So how did you get one?
I was three months into a journalism course in Rathmines when – bizarre story this! – my Dad was on a flight to London and found himself setting next to Eamon DeValera’s grandson, also named Eamon, who was running the Irish Press. A screw had come out of Eamon’s glasses, which, with him being an engineer and always carrying a small screwdriver, my Dad was able to fix. You wouldn’t be able to carry it onto an airplane now. Anyway, they got chatting and when Dad mentioned I was interested in journalism, Eamon said, “Tell him to write in”, which I did. No reply for a while. Then I got called for an interview, which resulted in a “please fuck off” letter. They had a change of heart, though, when one of the six journalists they did offer a job to drop out.
Rude question, but what was your starting salary?
Around £15,000, which was very good money for the time and a lot better than the £12 per shift plus tips I’d been getting as a waiter.
I’ve heard more stories about the Irish Press than all the other national newspapers combined.

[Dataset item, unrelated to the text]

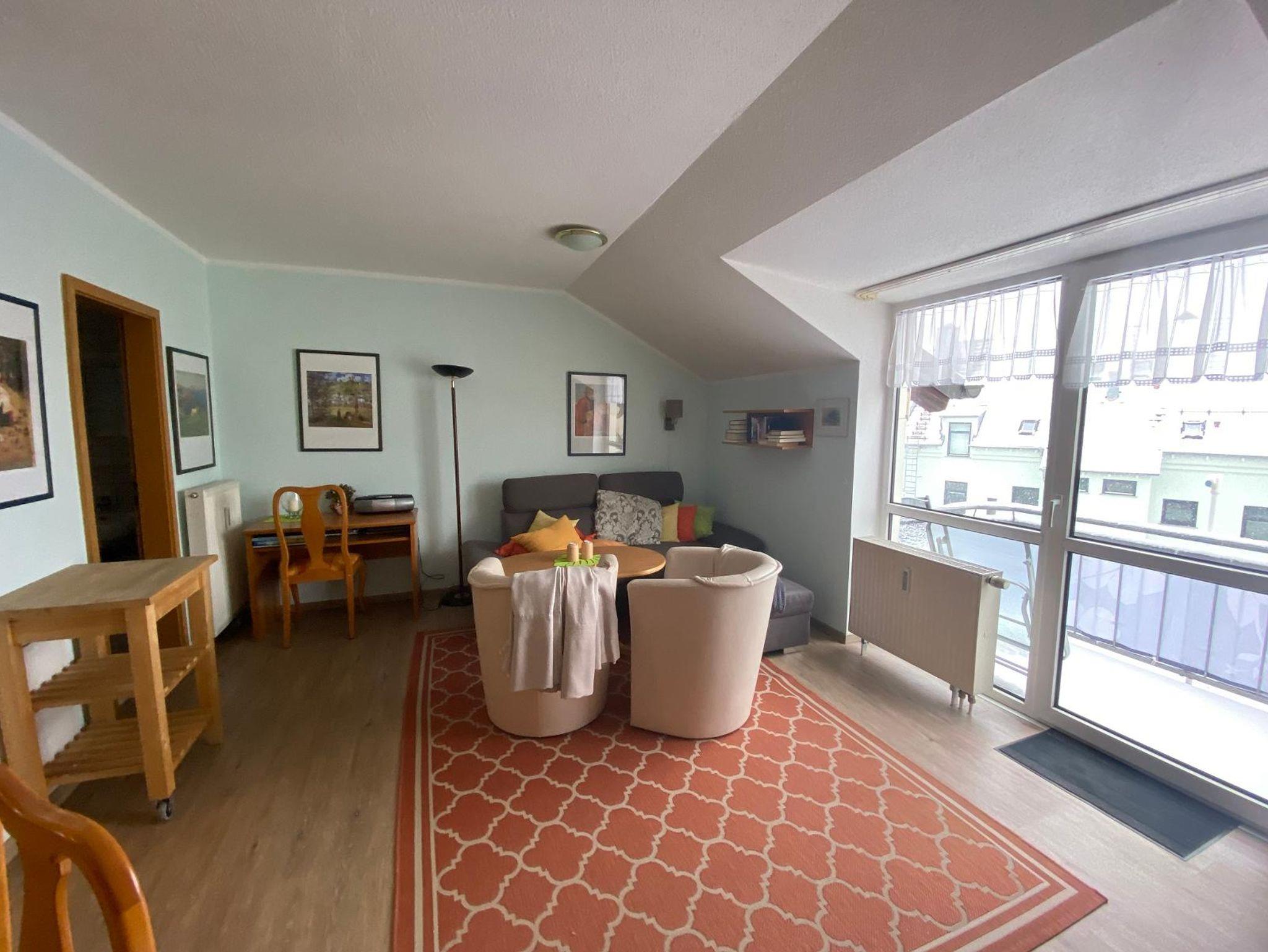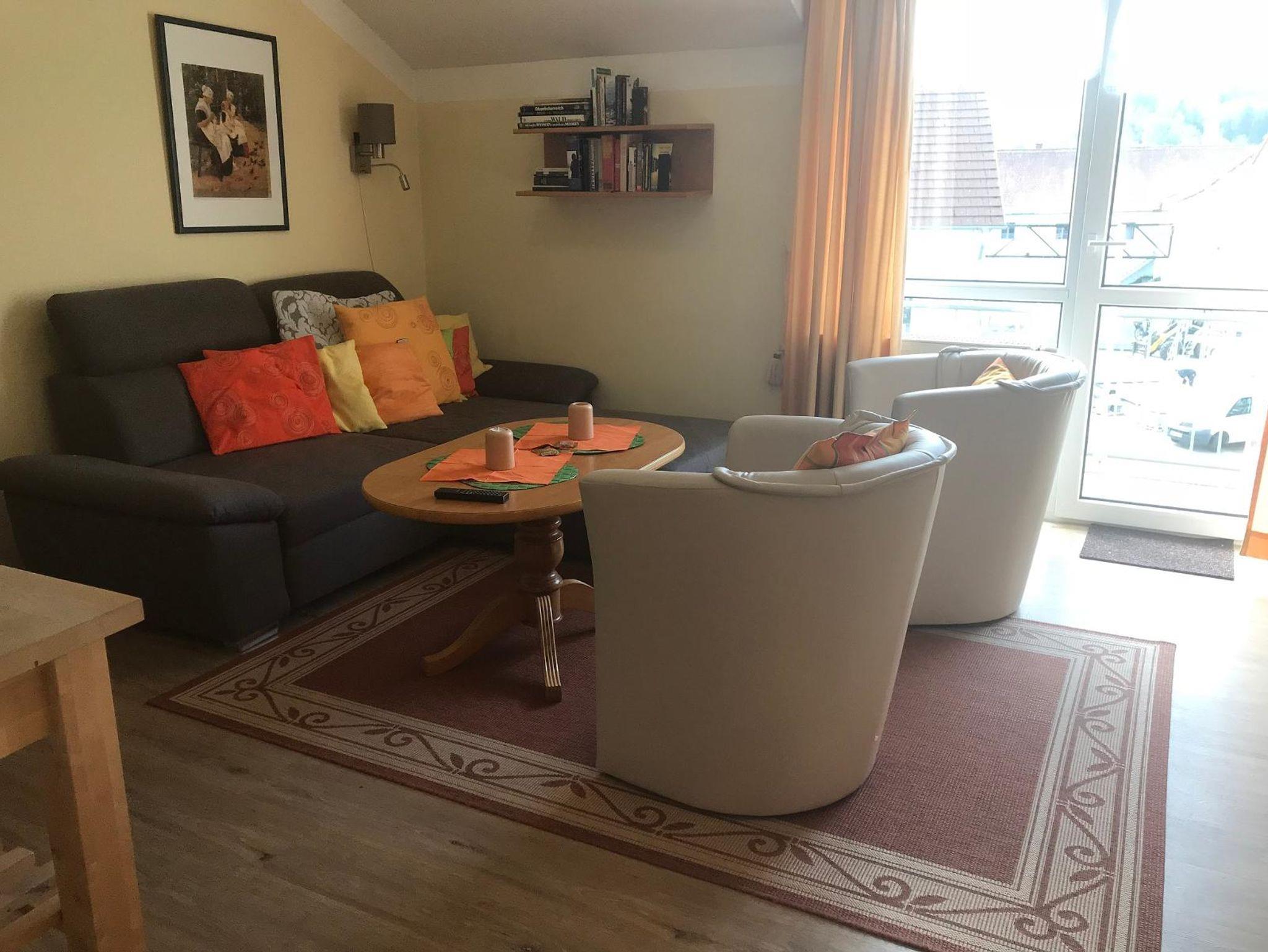 Komfortables Appartement mit zwei Schlafräumen und neuer Küche mit Spülmaschine, Wohnküche mit Essplatz und Sofa mit Sat-TV und kostenfreiem wlan, zwei Balkone, Schlafräume einmal Doppelbett, einmal Einzelbett inkl. Eintritt in die Bade- und Saunawelt AQACUR für 3 Personen für 3 Std. täglich, Tiefgaragenstellplatz und Abstellplatz für Fahrräder, örtliche Guti-Karte für kostenlose Nutzung von Bus und Bahn

And for once most of them are true! I was very star-struck being in the same building as Con Houlihan who was a legend, and wrote such beautiful prose about sport and literature and a whole host of other things. He was a lovely man, but you couldn’t understand a word he said. On top of having the thickest of Kerry accents, he was very self-conscious about his nose and held his hand over his face when he was talking. He was the only person in the place who wrote everything longhand. He was unimpressed with typewriters and even more unimpressed with computers when they eventually arrived in the building.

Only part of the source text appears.